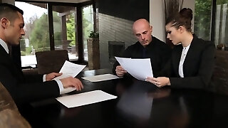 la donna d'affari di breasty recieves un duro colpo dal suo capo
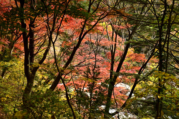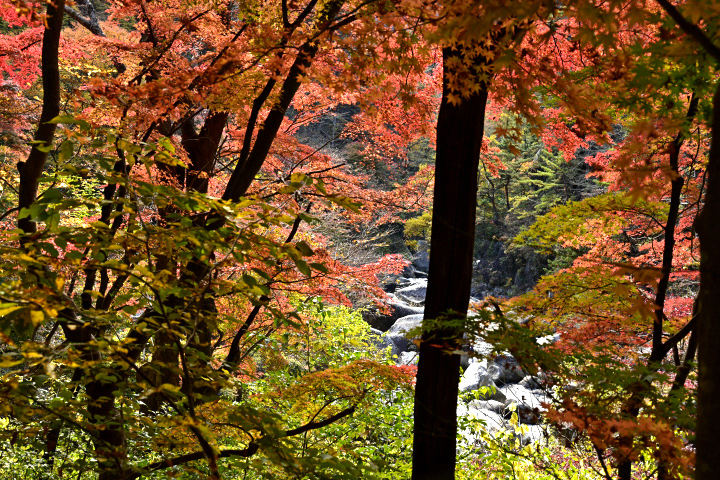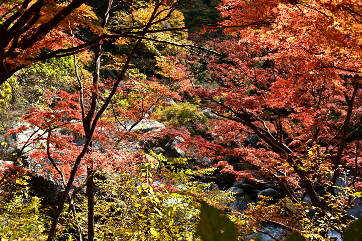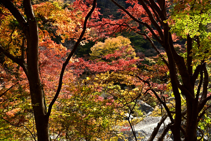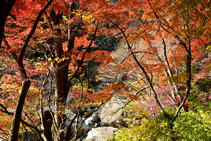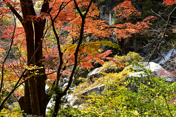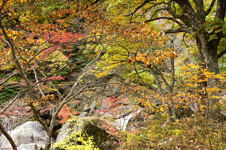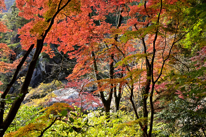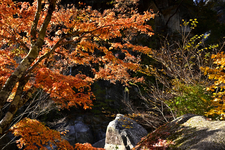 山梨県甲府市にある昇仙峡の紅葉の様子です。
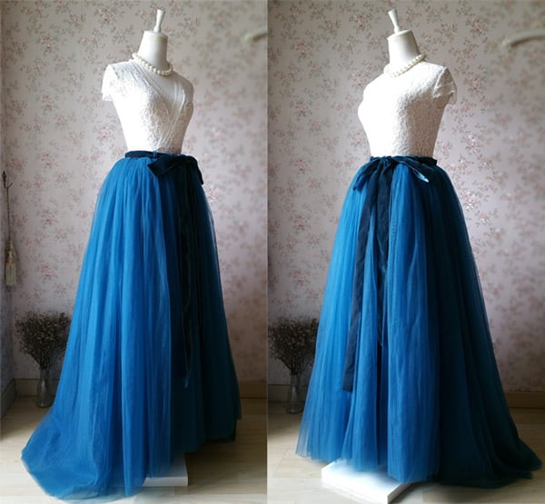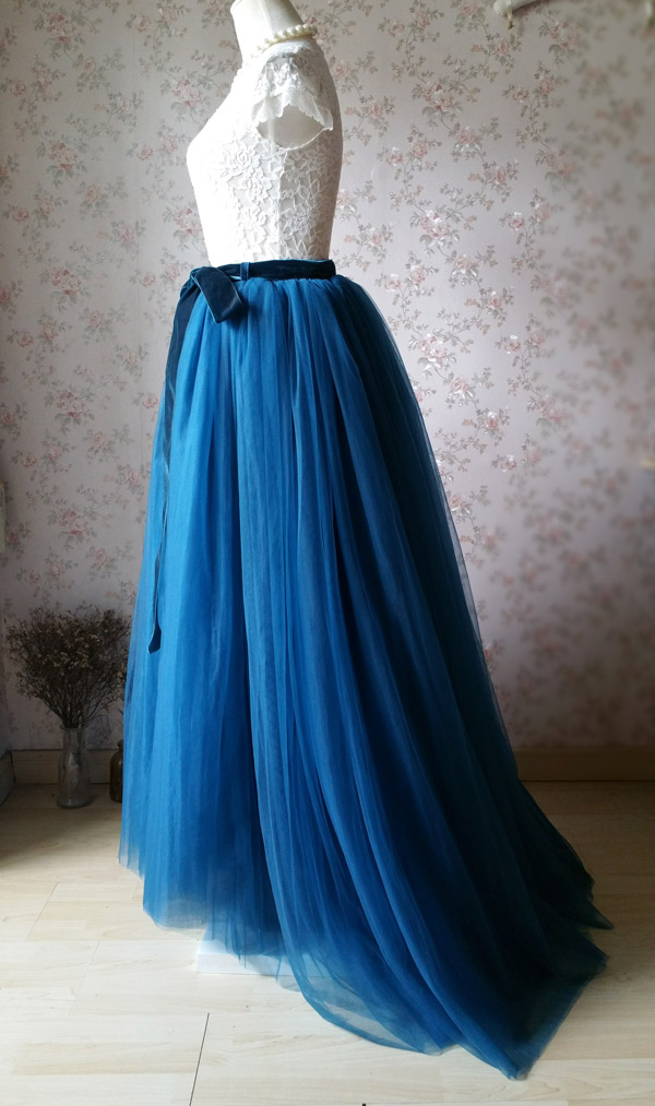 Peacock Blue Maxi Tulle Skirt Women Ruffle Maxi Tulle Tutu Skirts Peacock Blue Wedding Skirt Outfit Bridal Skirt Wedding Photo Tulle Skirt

= = =

[ASSIGNMENT]:
If pictures appear in the data, omit them and copy all other parts exactly.

[THE COMPLETED TASK]:
 la donna d'affari di breasty recieves un duro colpo dal suo capo
 山梨県甲府市にある昇仙峡の紅葉の様子です。
 Peacock Blue Maxi Tulle Skirt Women Ruffle Maxi Tulle Tutu Skirts Peacock Blue Wedding Skirt Outfit Bridal Skirt Wedding Photo Tulle Skirt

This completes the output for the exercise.